According to the synthetic process of compound 5, compound I2 as a white solid (0.19 g, 59 %) was obtained by taking 1-((1r,3R,5S,7r)-3,5-dimethyladamantan-1-yl)-3-(2-fluoro-4-((4-(2-(piperidin-4-yl)acetyl)-1,4-diazepan-1-yl)methyl)phenyl)urea 34 (0.3 g, 0.54 mmol) and propionic acid (48 mg, 0.65 mmol) as starting material, compound I2, m.p. 86–89°C. ¹H NMR (400 MHz, CDCl₃): δ (ppm) 8.04–7.99 (m, 1H), 7.10–7.09 (s, 1H), 7.01–6.93 (m, 3H), 5.45–5.41 (m, 1H), 4.65–4.58 (m, 1H), 3.85–3.82 (d, J = 12.56 Hz, 1H), 3.71–3.43(m, 6H), 3.07–3.01 (m, 1H), 2.66 (s, 1H), 2.60–2.56 (m, 4H), 2.35 (q, J = 7.48 Hz, 2H), 2.26–2.14 (m, 4H), 1.85–1.84 (m, 4H), 1.67 (s, 5H), 1.39–1.36 (m, 2H), 1.30–1.27 (m, 3H), 1.16–1.12 (m, 6H), 0.85 (s, 6H). ¹³C NMR (100 MHz, CDCl₃): δ 172.36, 172.32, 171.17, 171.10, 154.26, 154.23, 124.57, 120.86, 120.77, 61.93, 61.59, 55.55, 55.41, 55.07, 52.83, 52.81, 50.67, 48.18, 45.81, 45.76, 42.75, 40.75, 39.56, 39.54, 33.24, 33.21, 32.89, 32.43, 32.05, 30.22, 30.14, 26.65, 26.64, 9.72, 9.68. HRMS (ESI) calcd for C₃₅H₅₃FN₅O₃ [M+H]⁺: 610.4054, found 610.4096.

1-((1r,3R,5S,7r)-3,5-Dimethyladamantan-1-yl)-3-(2-fluoro-4-((4-(2-(1-(2-methyl butanoyl)piperidin-4-yl)acetyl)-1,4-diazepan-1-yl)methyl)phenyl)urea (I3).

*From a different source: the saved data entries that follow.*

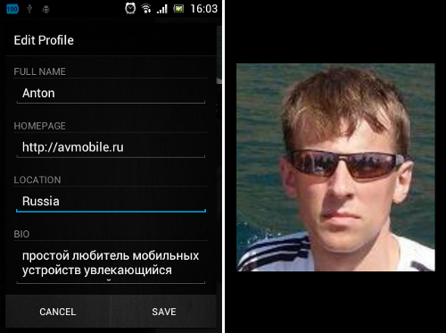 Для перехода к собственному аккаунту служит кнопка с вашим аватаром в центре нижней панели инструментов. Возможности по работе с аккаунтом во многом стандартны. В частности можно просматривать подписки и списки подписчиков, а также управлять ими. Довольно удобно и то, что для каждого контакта видно состояние взаимной подписки и присутствуют кнопочки «Unfollow» / «Follow». Кроме того, непосредственно из списка подписчиков можно написать ответ (@имя) или личное сообщение выбранному пользователю, а также добавить его в списки (LIST), фильтры, заблокировать или отметить как спаммера. Также из Carbon можно отредактировать свой аккаунт (имя, адрес сайта, местоположение и описание), для чего касаются кнопки «Edit». А вот фото заменить не удастся – можно только просмотреть его в более крупном масштабе.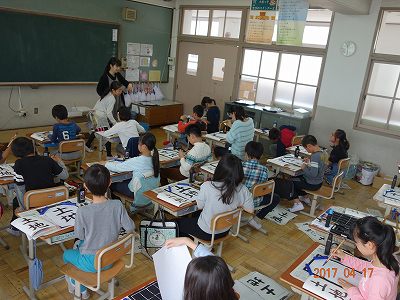 2組は,お習字の時間です。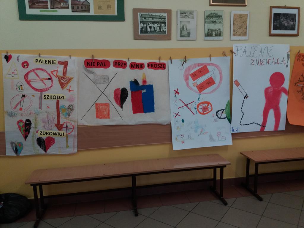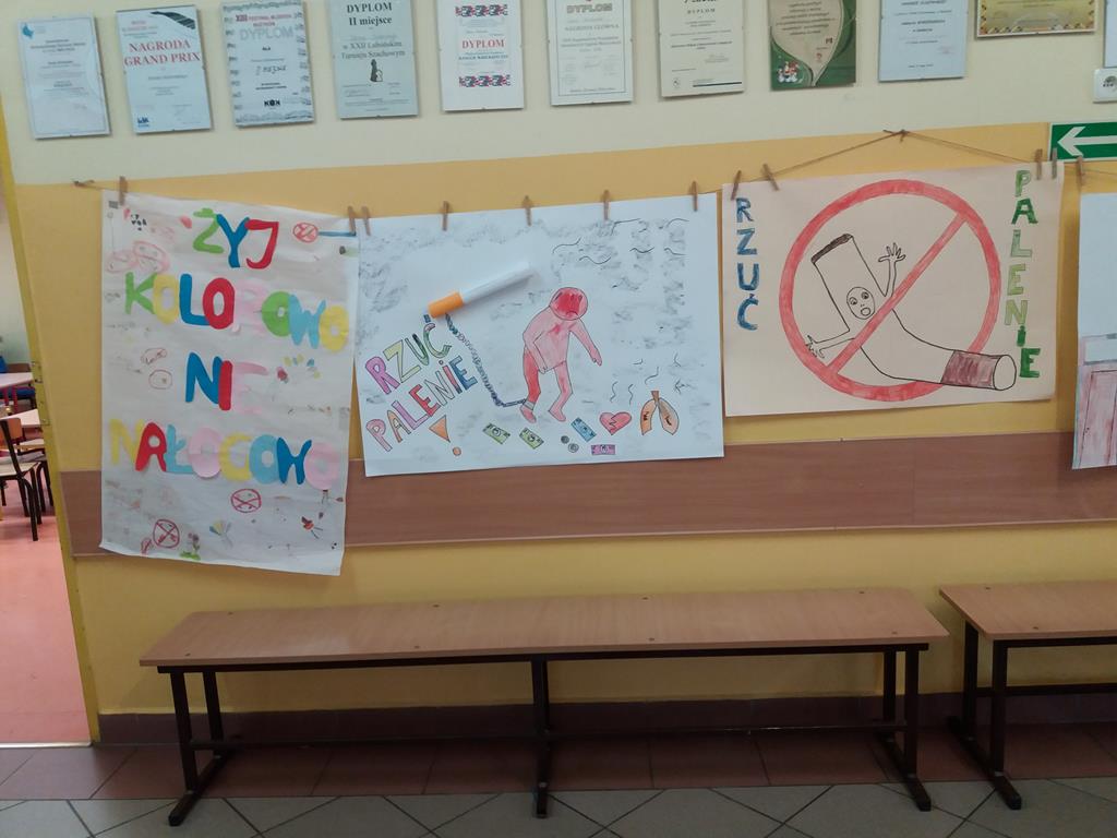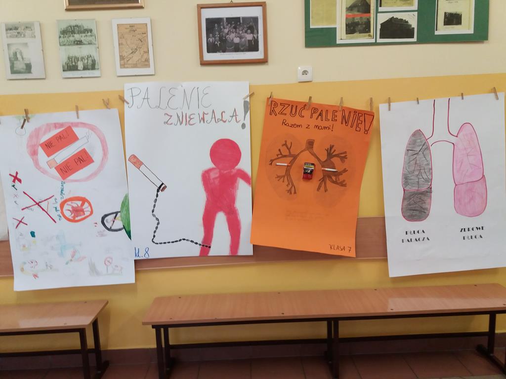 W naszej szkole została przeprowadzona akcja, której celem było promowanie zdrowia, skuteczne przekonywanie młodzieży do życia bez nałogów, bez papierosów oraz do życia w czystym, pozbawionym dymu tytoniowego powietrzu. Uczniowie wysłuchali pogadanek, a także przygotowywali plakaty zachęcające do rzucania palenia i uświadamiające jak wielkim zagrożeniem dla organizmu są papierosy.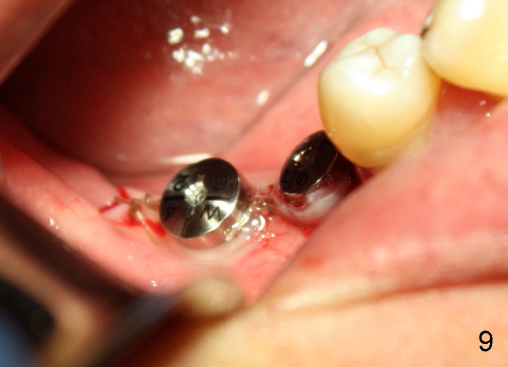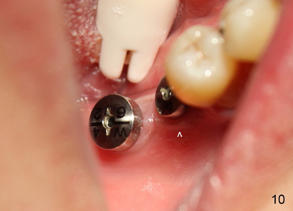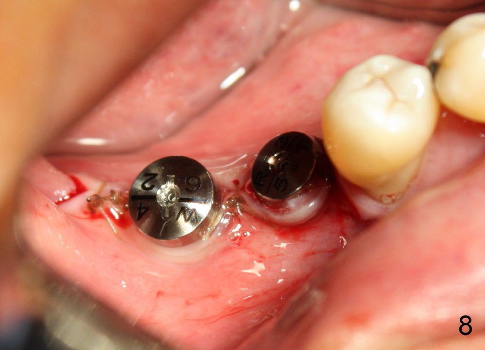 Finally 5.3x10 mm SM implant is placed at #31 (Fig.7). Healing abutments (Ɵ5.2x3(1) and 6.2x4(2) mm) are placed at #30 and 31, respectively (Fig.7-9).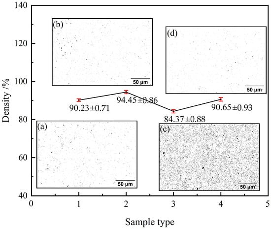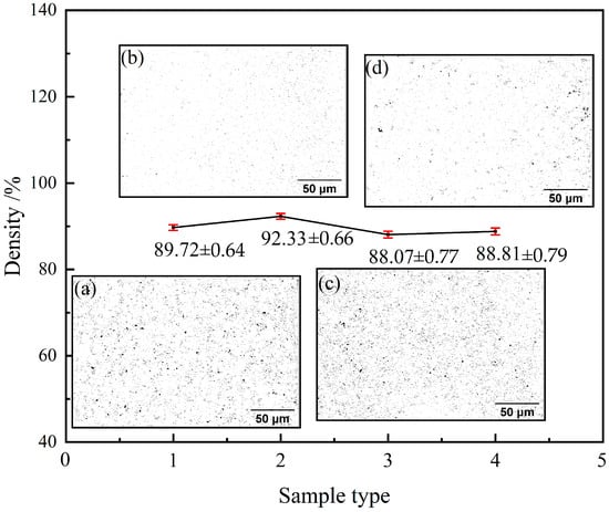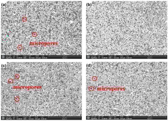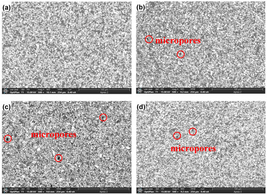 Figure 4 shows the microstructure of WC-Co-TiC cemented carbide with different WC content at Co/TiC = 1:1. As shown in Figure 4a, when the WC content is 50%, the micropores of WC-Co-TiC microstructure are not easily observed. In Figure 4b,d, when the WC content is 60% and 80%, compared with other WC content, the number of micropores in the microstructure of WC-Co-TiC is similar or greater. Finally, when the WC content is 70%, compared with other WC content, the micropores of WC-Co-TiC microstructure are obvious and greatest.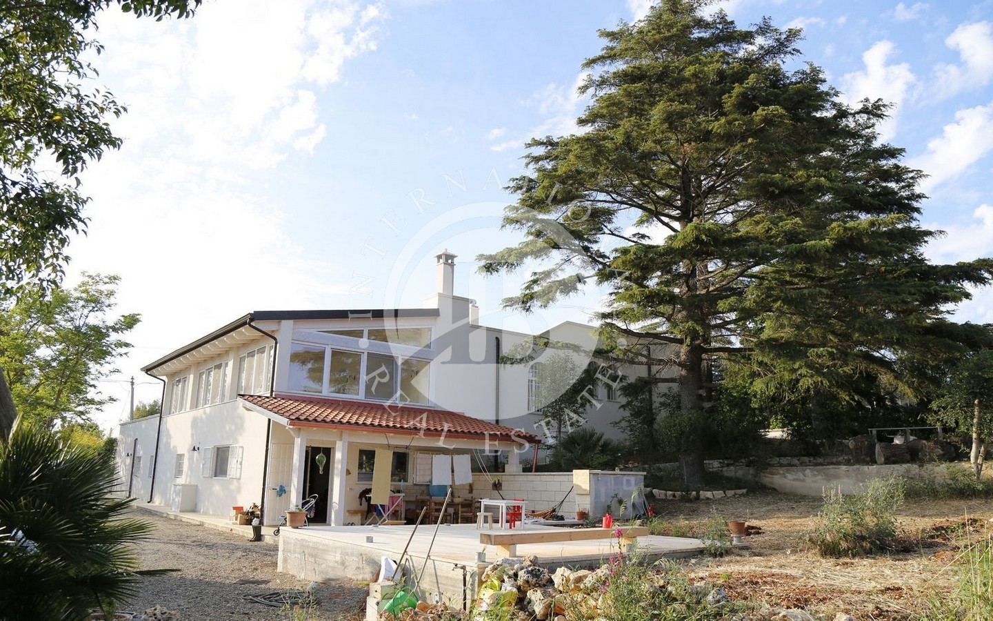 All'esterno, la villa è circondata da un cortile e un giardino di circa 2.000 mq, arricchito da alberi ombrosi che creano un'atmosfera rilassante e accogliente. Lo spazio esterno è perfetto per godere della natura e offre ampie possibilità di utilizzo, incluso lo spazio per l'eventuale installazione di una piscina.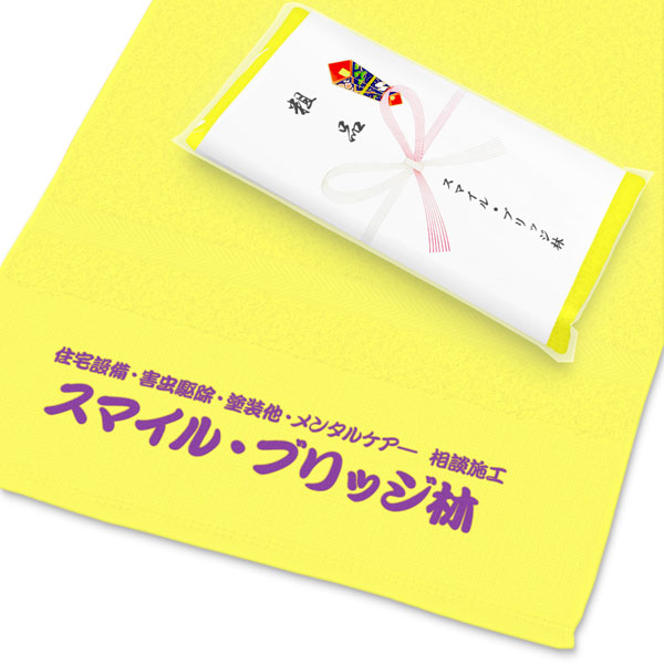 生地色:黄印刷方法:片側1色名入れ印刷色:紫書体:勘亭流レイアウト:2行タイプ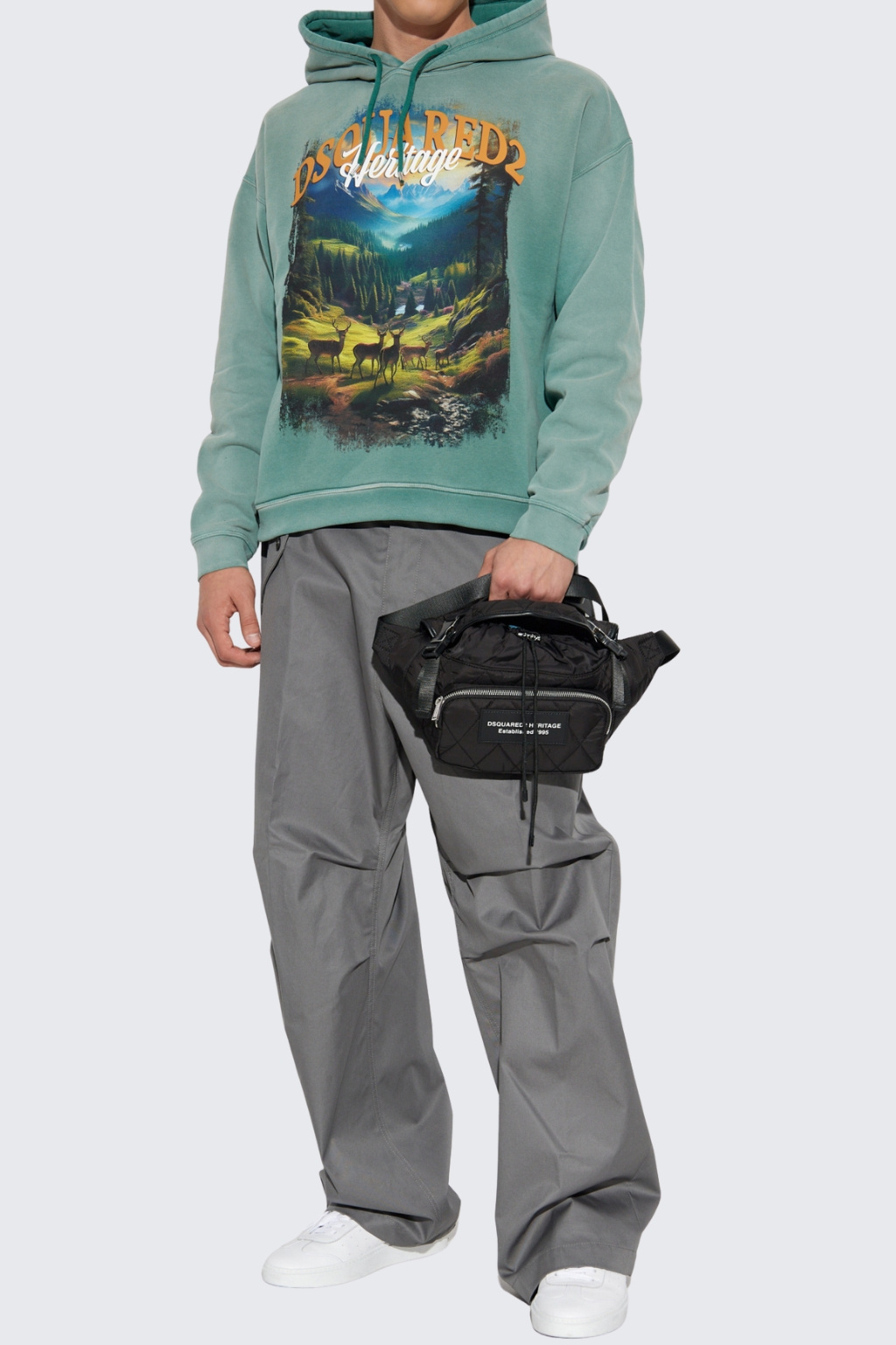 Pánská mikina značky DSQUARED2 má volný střih, standardní délku a dlouhé rukávy. Model má kapuci se stahovací šňůrkou a sníženou linii ramen. Spodní lem a konce rukávů jsou zakončeny žebrovanou manžetou. Na přední straně je velký barevný potisk doplněný o logo značky DSQUARED2.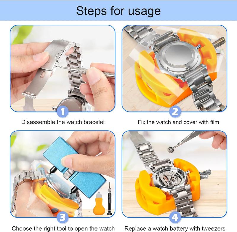 ·【Picture Operation Manual】-- The kit comes with a user manual(in English). The detailed pictures explain the correct usage method to you, avoid damaging your watch by wrong operation, and help you solve the watch problem at home.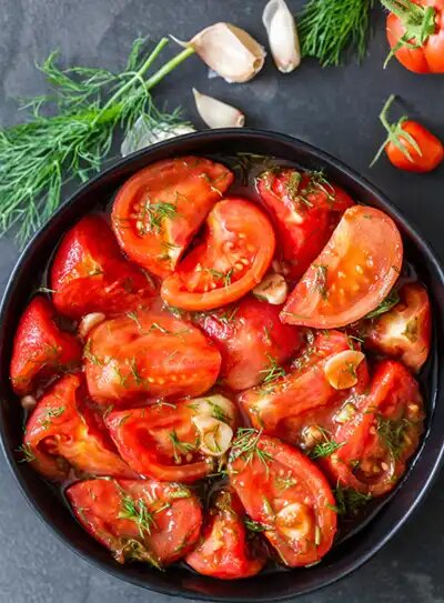 Все нужные продукты собраны. Теперь сам пошаговый рецепт быстрых маринованных помидоров. 1. Нарежьте кожицу помидоров крест-накрест. Затем положите все помидоры в большую миску и залейте кипятком. Оставьте их в воде на три минуты. Слейте воду. 2. Очистите помидоры о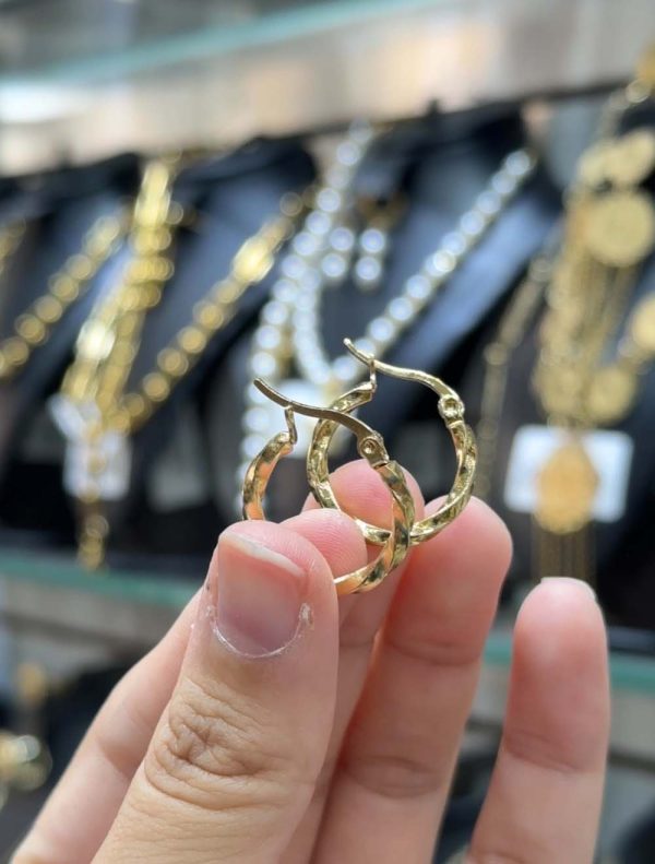 Créoles dorées ornées d’un cercle brillant.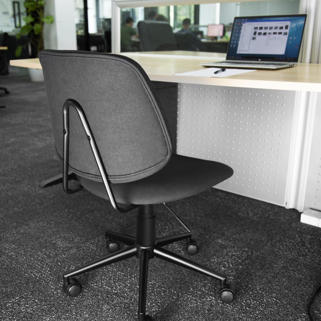 Take your workspace to the next level with this contemporary office chair in black from Bolero. Thanks to its sturdy metal frame and padded grey fabric, this swivel-style chair offers durability and comfort in equal measure. Not only does this ensure that the Bolero office chair stays in as-new condition throughout daily use, but it also helps to minimize aches and pains within the workplace.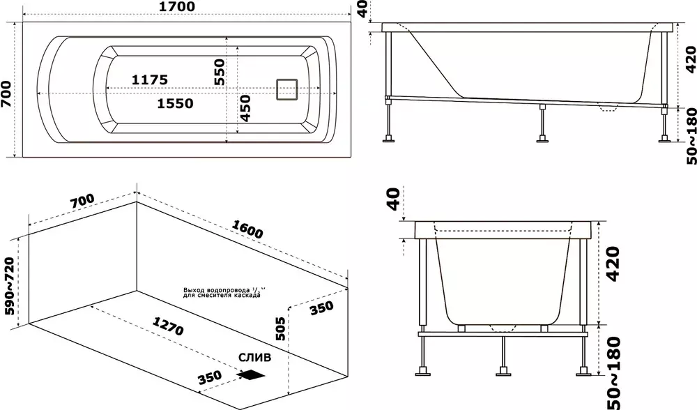 - Ванна изготовлена из литьевого акрила с усиленным армирующим слоем по всей внутренней поверхности, цвет - белый.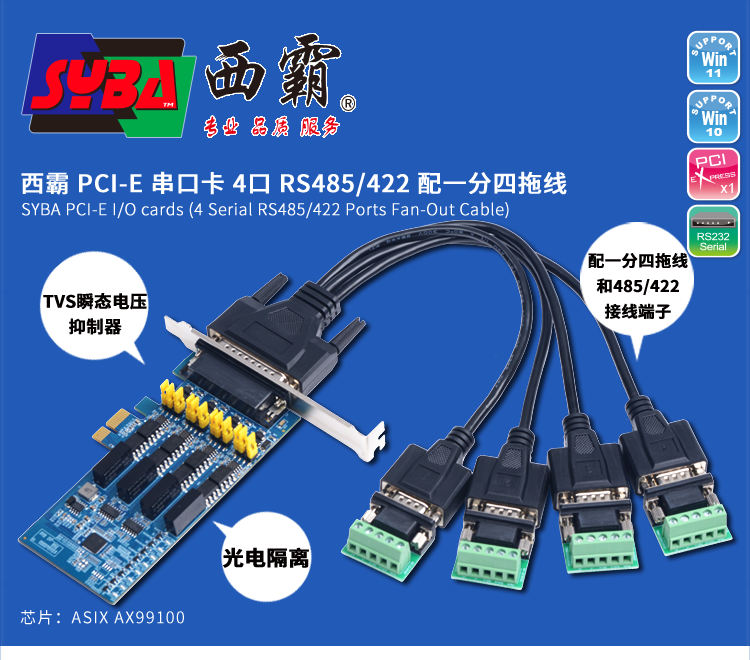 西霸E1-PCE852-4S PCI-E转RS485/RS422扩展卡 4口 带光电隔离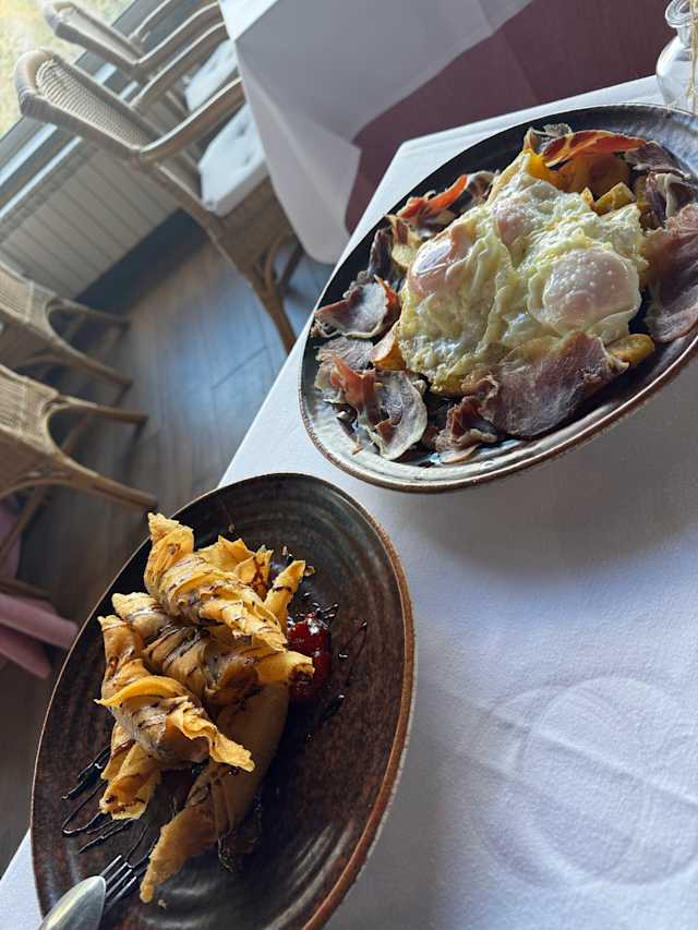 - Huevos Estelados de Corral Sobre Patata Panadera con Jamón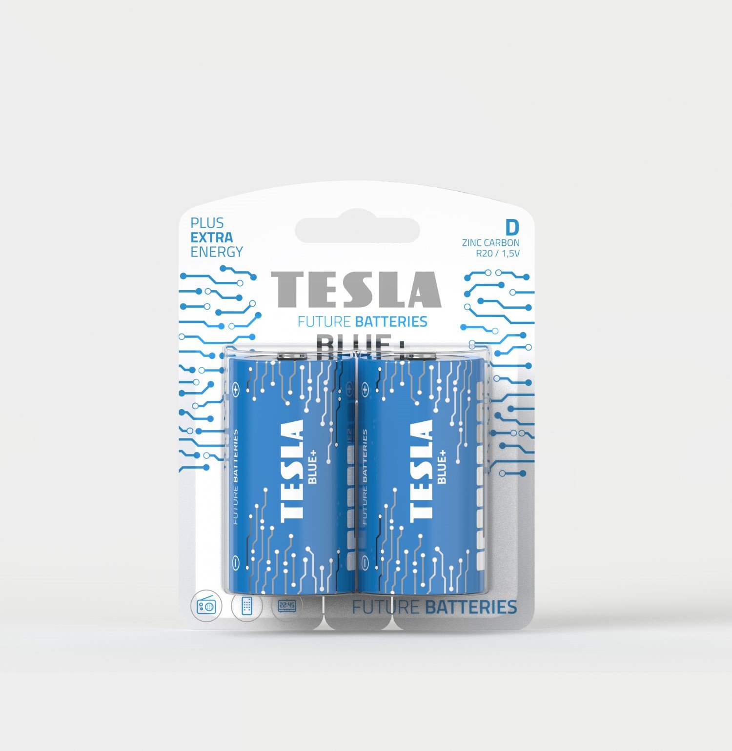 TESLA BLUE + D je řada zinko-uhlíkových baterií se základním výkonem 1,5 V, vzhledem k těmto vlastnostem jsou vhodné především pro méně náročné přístroje s odběrem malého množství proudu a to např. do hodin a budíků, rádií nebo některých svítilen. Hlavním benefitem těchto baterií je cenová dostupnost.

According to the synthetic process of compound 5, compound I3 as a white solid (0.19 g, 57 %) was obtained by taking 1-((1r,3R,5S,7r)-3,5-dimethyladamantan-1-yl)-3-(2-fluoro-4-((4-(2-(piperidin-4-yl)acetyl)-1,4-diazepan-1-yl)methyl)phenyl)urea 34 (0.3 g, 0.54 mmol) and 2-methylbutanoic acid (66 mg, 0.65 mmol) as starting material, compound I3, m.p. 96–100°C. ¹H NMR (400 MHz, CDCl₃): δ (ppm) 7.99 (t, J = 8.36 Hz, 1H), 7.17 (d, J = 7.48 Hz, 1H), 7.06 (s, 1H), 6.99 (s, 1H), 6.96–6.93 (m, 1H), 5.50–5.48 (m, 1H), 4.68–4.61 (m, 1H), 3.97–3.83 (d, J = 12.76 Hz, 1H), 3.75–3.44 (m, 6H), 3.08–3.02 (m, 1H), 2.65–2.55 (m, 6H), 2.27–2.14 (m, 4H), 1.84 (s, 5H), 1.66 (s, 5H), 1.39–1.36 (m, 3H), 1.30–1.26 (m, 3H), 1.16–1.14 (m, 2H), 1.11–1.08 (m, 4H), 0.89–0.87 (m, 3H), 0.84 (s, 6H). ¹³C NMR (100 MHz, CDCl₃): δ 175.04, 171.22, 171.14, 154.31, 154.31, 124.56, 121.00, 120.87, 114.94, 114.75, 61.91, 61.59, 55.53, 55.43, 52.81, 52.78, 50.68, 48.20, 47.17, 45.81, 45.35, 44.49, 42.76, 42.18, 40.74, 39.56, 36.95, 33.37, 33.27, 30.22, 30.13, 28.46, 27.51, 27.06, 17.39, 17.20, 12.01, 11.91. HRMS (ESI) calcd for C₃₇H₅₇FN₅O₃ [M+H]⁺: 638.4367, found 638.4437.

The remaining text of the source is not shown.